Del Potro’s legs might have been screaming at him, but his strong right arm – the one whose wrist had collapsed and forced him into a long, dark struggle to get back to his best – was buzzing. And what heart he showed to wear down Murray with power and persistence in a long 10th game to take the set with a killer forehand into the deuce corner.

Now, after two-and-a-quarter hours, they could start again on level terms: best of three – like the disparate battles they had endured to get here. There was no obvious favourite; Del Potro’s demeanour had lifted noticeably, but Murray had that mean look about him when cornered. He charged Del Potro’s second serve at the end of the sixth game, forcing an error and break point, then yelled in delight when the Argentinian hit long.

Emboldened – or maybe fired by a mixture of anxiety and frustration – Murray began to press hard at the net, and was alive to every possibility for a quick kill. Gradually the careless shots lessened. The focus gradually returned, and he began to look way more comfortable than he had for at least an hour. Del Potro, simultaneously, started to fade – this time more dramatically than before, and Murray pounced. He rifled an unreachable forehand return off a tired second serve and the set was his.

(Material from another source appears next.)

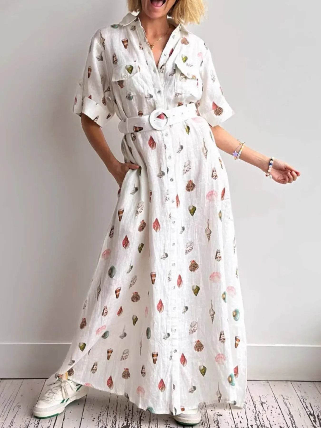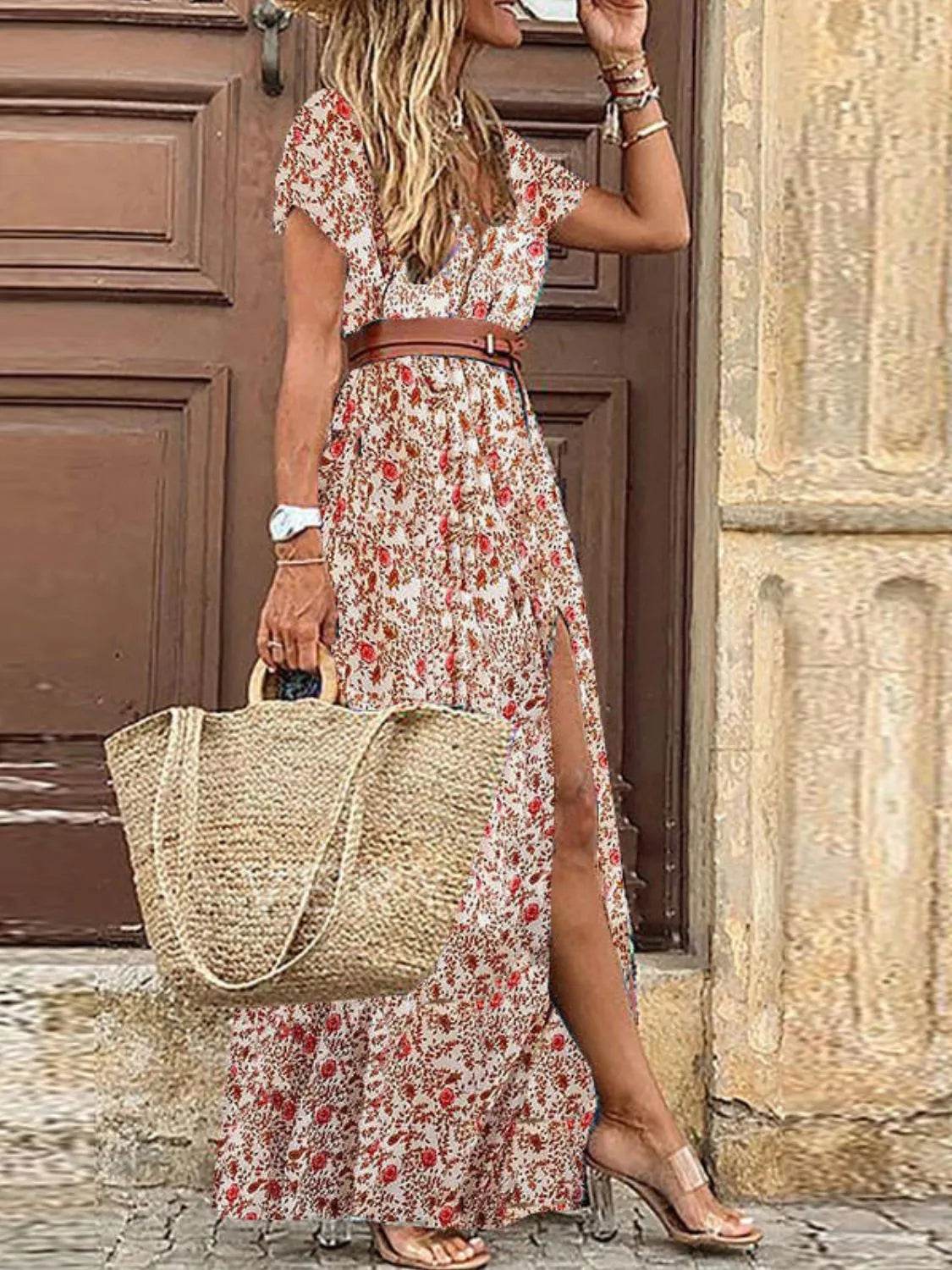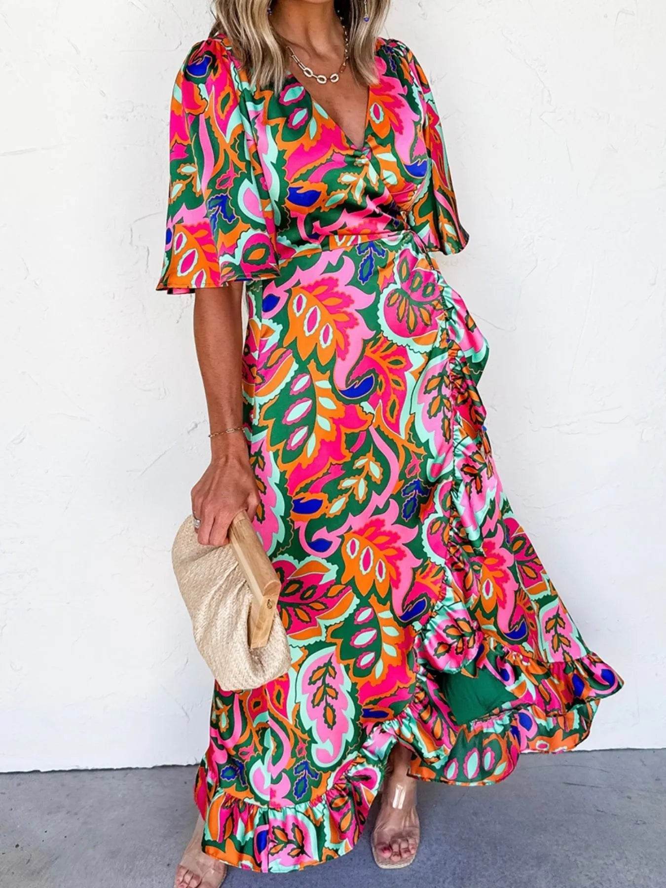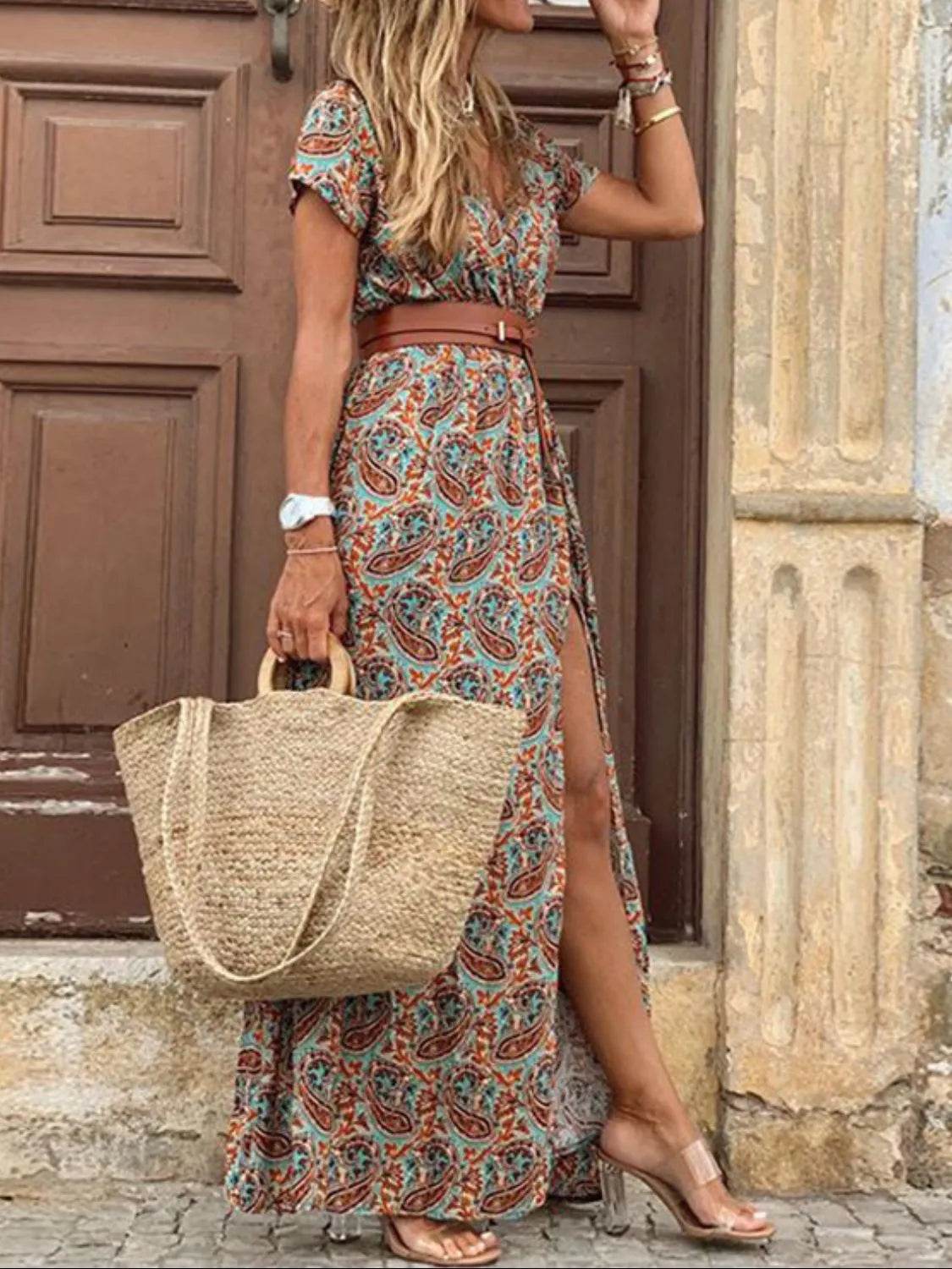The Printed Notched Short Sleeve Tiered Dress is a stylish and versatile choice for any occasion. With its flattering notched neckline and tiered design, this dress offers a chic and feminine look that is perfect for day-to-night wear.

The first set had lasted an hour-and-a-quarter, the second an hour and this one 36 minutes. The job was not getting that much easier, just a little more straightforward. If Murray could keep his foot on Del Potro’s throat for another half or so, the medal was his.

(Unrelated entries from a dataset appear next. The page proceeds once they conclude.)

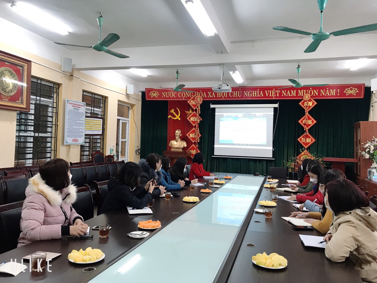 Thực hiện chỉ đạo của Sở GD&ĐT Hà Nội về việc tổ chức điểm cầu tham dự Hội nghị trực tuyến về công tác phòng chống dịch Covid-19 trong trường học khi đón học sinh trở lại trường học học trực tiếp.14h00 ngày 09/02/2022, đại diện ban giám hiệu, đại diện tổ giáo viên, nhân viên y tế Trường mầm non Long Biên tham dự Hội nghị trực tuyến về công tác phòng chống dịch Covid-19 trong trường học khi đón HS trở lại học tập tại điểm cầu trường Tiểu Học Long Biên.Tất cả đại biểu tham dự Hội nghị đều thực hiện “5K” và các quy định về công tác phòng, chống dịch Covid-19.
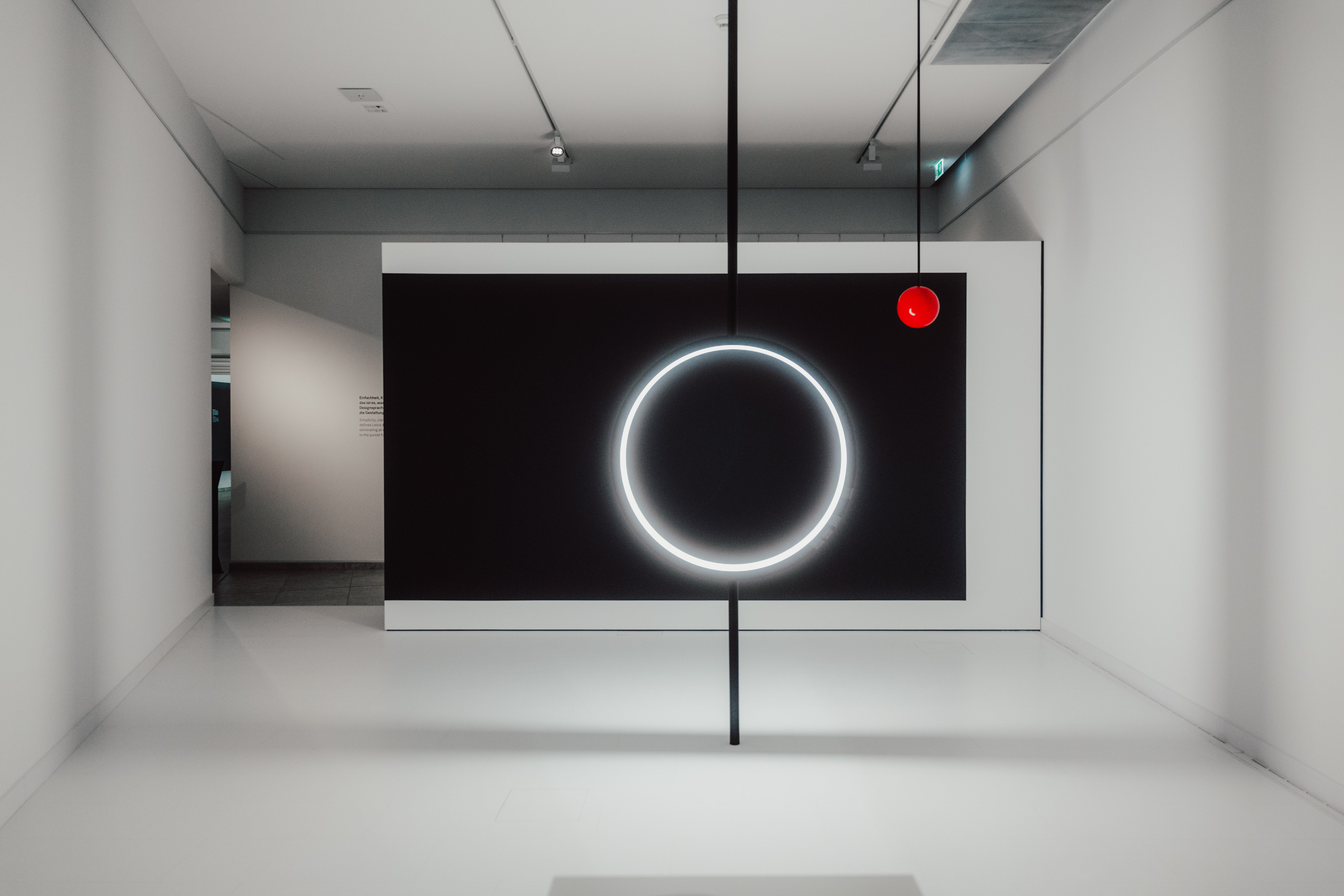 One of the highlights of the exhibition is the light installation that perfectly complements the minimalist atmosphere. Only from a specific perspective does a stylised Leica become visible, serving as the centrepiece of the exhibition. This anamorphic art form adds an extra dimension to the exhibition and invites visitors to view the world of Leica Design from various angles.
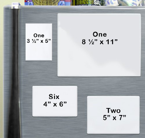 -. Brand : StoreSMART® -. Color : Clear -. Feature : 8-gauge crystal clear vinyl fronts, full magnetic backs. / Variety 10-Pack: six 4" x 6" pockets, two 5" x 7" pockets, one 3 1/2" x 5" pocket, and one 8 1/2" x 11" pocket. / Open on the long side. / Works with dry erase markers. / Proudly manufactured in the USA. -. Label : StoreSMART® -. Manufacturer : StoreSMART® -. Model : H32MAGKIT-1 -. MPN : H32MAGKIT-1 -. PackageQuantity : 10 -. PartNumber : H32MAGKIT-1 -. ProductGroup : Kitchen -. ProductTypeName : KITCHEN -. Publisher : StoreSMART® -. Studio : StoreSMART® -. Title : StoreSMART® - Full-Back Magnetic Pockets for Refrigerator or Locker - Variety 10-Pack - H32MAGKIT-1
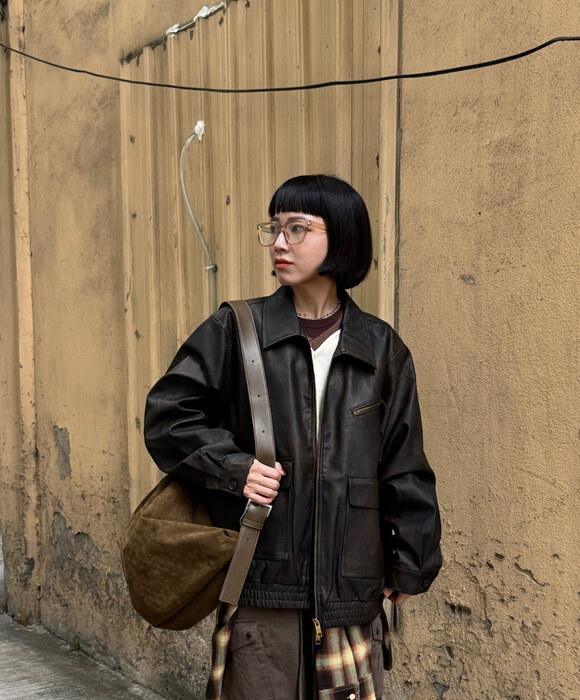 有點復古、頹廢又隨性慵懶的穿搭調性,靜靜走在城市的縫隙裡,讓皮革的味道混進秋天的風。

Small groups of Argentinian supporters began to slip away, in the manner of football fans resigned to their fate and keen to beat the traffic. One Argentinian was going nowhere, though. In a bizarre stretch of four consecutive service breaks, he went with Murray mistake for mistake, winner for winner. This was not a match to walk away from.

Murray was the first to hold serve in this weird fourth set, but gambled needlessly at the net to hand Del Potro parity in the sixth game. Suddenly there was a spring in the big man’s step. He lured Murray into an injudicious lob, smashed it as if cracking a walnut to break again, and cries of “Argentina! Argentina!” whistled around the arena.

Serving to stay in the match in a long and tortuous 10th game, Del Potro looked utterly spent as he plugged the net with a closing backhand to hand Murray yet another reprieve.

At 30-30 in the 12th game, two points short of the medal, Murray faltered in the shot when someone shouted from the crowd. Soldiers led the miscreant from the fray at deuce. He was wearing a jester’s hat, and grinning like an idiot.

Murray got match point – and netted. Del Potro did likewise. Of course he did. They had been doing this all night. And then the show was closed. Del Potro found the net one time to many. The clown had gone. The players took their bows and embraced. Del Potro looked as if he might fall over if he let Murray go. They smiled the smile of champions who had given it all.